* EXERCISE
Beginning with the line containing "This Stitch Auto" and going on through the line containing "Яркая и увлекательная", the lines below are to be returned exactly, pictures excluded and nothing added.
**** DATA TO EXAMINE ****
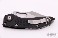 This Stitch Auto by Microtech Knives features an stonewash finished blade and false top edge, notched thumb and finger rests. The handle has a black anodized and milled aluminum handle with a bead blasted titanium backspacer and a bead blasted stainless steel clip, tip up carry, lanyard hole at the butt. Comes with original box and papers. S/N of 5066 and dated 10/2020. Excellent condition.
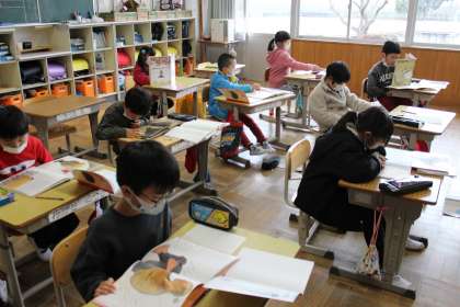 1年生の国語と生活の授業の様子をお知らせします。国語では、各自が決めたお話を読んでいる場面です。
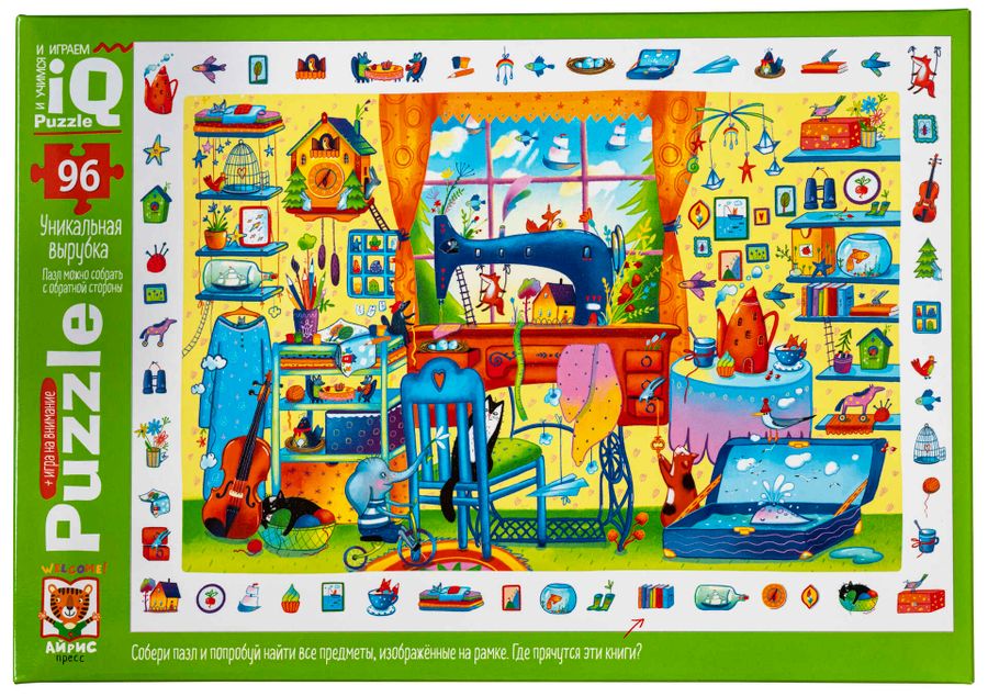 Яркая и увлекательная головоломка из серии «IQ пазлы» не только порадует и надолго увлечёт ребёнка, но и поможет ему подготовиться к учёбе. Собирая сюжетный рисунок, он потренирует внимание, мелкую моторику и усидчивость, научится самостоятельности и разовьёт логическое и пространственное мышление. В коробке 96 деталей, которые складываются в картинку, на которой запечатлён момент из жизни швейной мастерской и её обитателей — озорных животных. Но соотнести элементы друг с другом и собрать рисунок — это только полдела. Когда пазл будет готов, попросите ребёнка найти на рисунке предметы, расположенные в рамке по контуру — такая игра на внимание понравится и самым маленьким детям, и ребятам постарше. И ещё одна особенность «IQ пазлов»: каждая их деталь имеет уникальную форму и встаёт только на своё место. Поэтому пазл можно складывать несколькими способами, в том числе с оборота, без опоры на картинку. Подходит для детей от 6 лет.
****
**** DATA TO EXAMINE ****
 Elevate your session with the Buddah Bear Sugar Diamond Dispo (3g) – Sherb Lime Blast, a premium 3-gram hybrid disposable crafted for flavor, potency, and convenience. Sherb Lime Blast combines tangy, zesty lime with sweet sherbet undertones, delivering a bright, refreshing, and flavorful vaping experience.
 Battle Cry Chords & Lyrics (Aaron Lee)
****
**** DATA TO EXAMINE ****
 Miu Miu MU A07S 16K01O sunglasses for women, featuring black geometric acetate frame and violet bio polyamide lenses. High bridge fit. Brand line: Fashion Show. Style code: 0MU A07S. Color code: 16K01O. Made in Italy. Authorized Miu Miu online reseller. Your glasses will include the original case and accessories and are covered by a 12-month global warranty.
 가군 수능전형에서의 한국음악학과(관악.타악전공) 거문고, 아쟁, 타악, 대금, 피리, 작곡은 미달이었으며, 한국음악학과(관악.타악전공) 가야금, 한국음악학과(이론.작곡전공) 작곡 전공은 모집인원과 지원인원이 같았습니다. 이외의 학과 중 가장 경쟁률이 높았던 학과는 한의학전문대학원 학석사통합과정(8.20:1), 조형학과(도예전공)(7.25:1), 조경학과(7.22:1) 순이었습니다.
****
* EXERCISE SOLUTION
 This Stitch Auto by Microtech Knives features an stonewash finished blade and false top edge, notched thumb and finger rests. The handle has a black anodized and milled aluminum handle with a bead blasted titanium backspacer and a bead blasted stainless steel clip, tip up carry, lanyard hole at the butt. Comes with original box and papers. S/N of 5066 and dated 10/2020. Excellent condition.
 1年生の国語と生活の授業の様子をお知らせします。国語では、各自が決めたお話を読んでいる場面です。
 Яркая и увлекательная головоломка из серии «IQ пазлы» не только порадует и надолго увлечёт ребёнка, но и поможет ему подготовиться к учёбе. Собирая сюжетный рисунок, он потренирует внимание, мелкую моторику и усидчивость, научится самостоятельности и разовьёт логическое и пространственное мышление. В коробке 96 деталей, которые складываются в картинку, на которой запечатлён момент из жизни швейной мастерской и её обитателей — озорных животных. Но соотнести элементы друг с другом и собрать рисунок — это только полдела. Когда пазл будет готов, попросите ребёнка найти на рисунке предметы, расположенные в рамке по контуру — такая игра на внимание понравится и самым маленьким детям, и ребятам постарше. И ещё одна особенность «IQ пазлов»: каждая их деталь имеет уникальную форму и встаёт только на своё место. Поэтому пазл можно складывать несколькими способами, в том числе с оборота, без опоры на картинку. Подходит для детей от 6 лет.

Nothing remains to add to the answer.